The Source-Seine archaeological site.

Photo Credit: Getty Images

Archaeologists are taking another look at the spring where the Seine begins, which might change how scholars interpret one of France's most important ancient religious places.

In Burgundy, a four-year dig has returned attention to the Gallo-Roman sanctuary of Source-Seine, where people once came to appeal to the goddess Sequana for healing.

What happened?

For the first time in more than 60 years, the sanctuary at the Seine's source is the focus of a major research effort by the French National Institute for Preventive Archaeological Research. Running from 2026 to 2029, the project centers on the Burgundy spring, long recognized as the starting point of the River Seine.

According to Heritage Daily, the sanctuary honored Sequana, a deity linked to healing waters. During the Roman era, pilgrims visited to pray and then left gifts in thanks for cures or other favorable outcomes. 

Past excavations recovered more than 1,000 votive items in bronze, wood, and stone, including figures of humans and animals, as well as offerings shaped like body parts and internal organs. Even so, researchers have said the site has never been studied as fully as it deserves.

"This is a nationally significant sanctuary, but much of our knowledge is based on investigations carried out nearly a century ago," the team said in a statement.

Why does the Source-Seine archaeological site matter?

Artifacts found there have already become a key reference point for studying Gallo-Roman religious life in France, and the new research could help answer longstanding questions about how the sanctuary operated and evolved over time.

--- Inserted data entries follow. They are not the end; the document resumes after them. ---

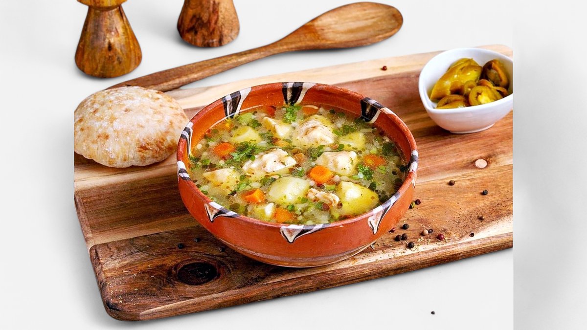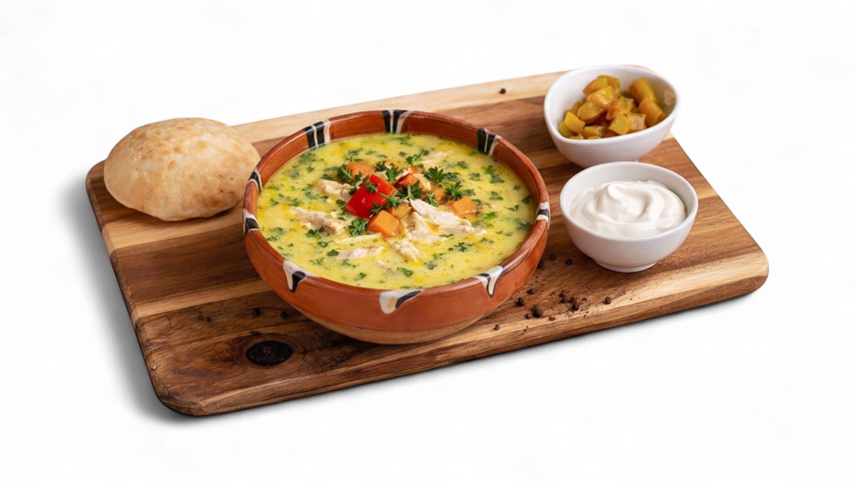 Ciorbă de pui a la grec 400ml, chiflă 60g, ardei iute 30g, smântână 50g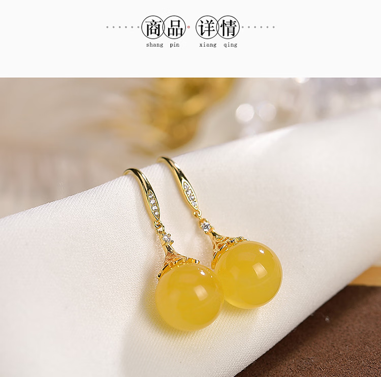 Chengyuanxiang CREORISETINS925 sterling silver gold-plated natural amber beeswax bead earrings, light and luxurious ladies' earrings, beeswax pair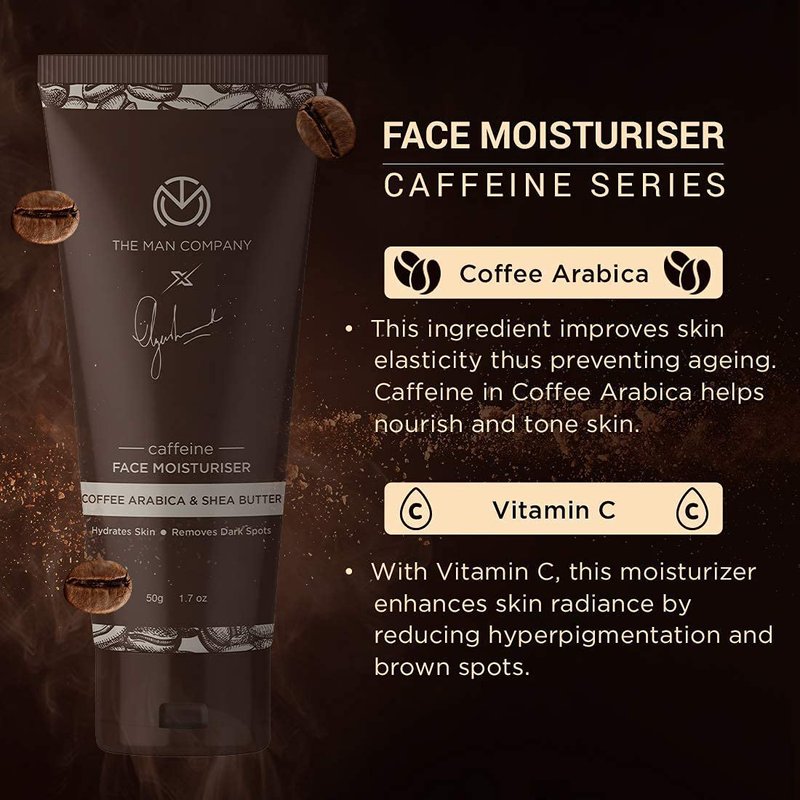 The Man Company Groom with Coffee Detail Your face deserves the expert care that feels luxurious. Curated by Ayushmann Khurrana and arranged by The Man Company, this face care kit is a one stop solution to all your facial woes. Powered by Coffee Arabica, the kit contains a face wash, a face scrub, and a face pack. Caffeine Face Wash (100 ml) Caffeine Face Scrub (100 ml) Caffeine Face Pack (100 gm) Caffeine Face Wash Bid farewell to a dull face with this face wash. Enriched with Caffeine and Green Tea, it not only cleanses your face of deep impurities but energizes it as well. Caffeine Face Scrub This face scrub contains Coffee Arabica, which helps remove dead skin and sun-tan, and Aloe Vera that takes care of your skin after. Caffeine Face Pack The Man Company Caffeine Face Pack enriched with Kaolin Clay will help your face relax and unclog its pores. It helps your face breathe better.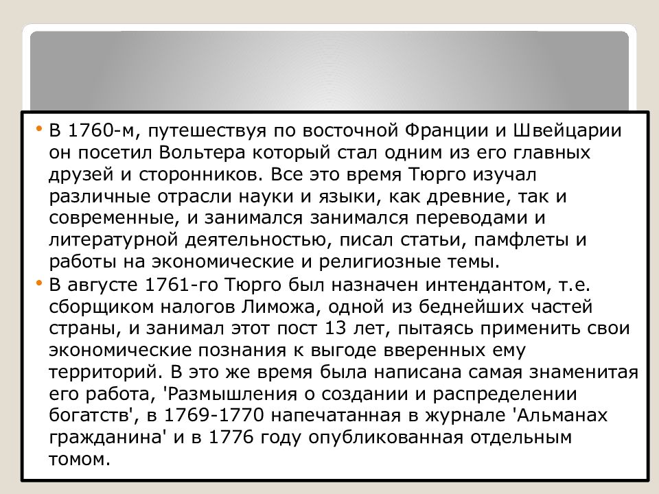В 1760-м, путешествуя по восточной Франции и Швейцарии он посетил Вольтера который стал одним из его главных друзей и сторонников. Все это время Тюрго изучал различные отрасли науки и языки, как древние, так и современные, и занимался занимался переводами и литературной деятельностью, писал статьи, памфлеты и работы на экономические и религиозные темы. В августе 1761-го Тюрго был назначен интендантом, т.е. сборщиком налогов Лиможа, одной из беднейших частей страны, и занимал этот пост 13 лет, пытаясь применить свои экономические познания к выгоде вверенных ему территорий. В это же время была написана самая знаменитая его работа, 'Размышления о создании и распределении богатств ', в 1769-1770 напечатанная в журнале 'Альманах гражданина' и в 1776 году опубликованная отдельным томом.

Erosion, frost, and simple age have taken a heavy toll on the site, and the remains recorded in the early 20th century have deteriorated significantly.

A sacred spring pipe that once extended nearly 15 meters has mostly disappeared, while an important basin connected to the spring has now been described as "a pile of unmortared stones."

What's being done?

To reexamine the sanctuary with newer methods, researchers are pairing archival work with geophysical surveys and fresh excavation. They are looking for buried structures that may still survive underground and studying how the environment around the sacred springs developed over time.

So far, the work has identified ancient walls, staircases, thresholds, and water pipes left behind after excavations carried out between the 1920s and 1950s. Those features are now being digitally mapped, giving archaeologists a much more precise record than earlier generations could produce.

The project may also help shape future conservation plans for a site that now combines archaeological remains with a 19th-century park, created after Baron Haussmann had the city of Paris purchase the land in 1864.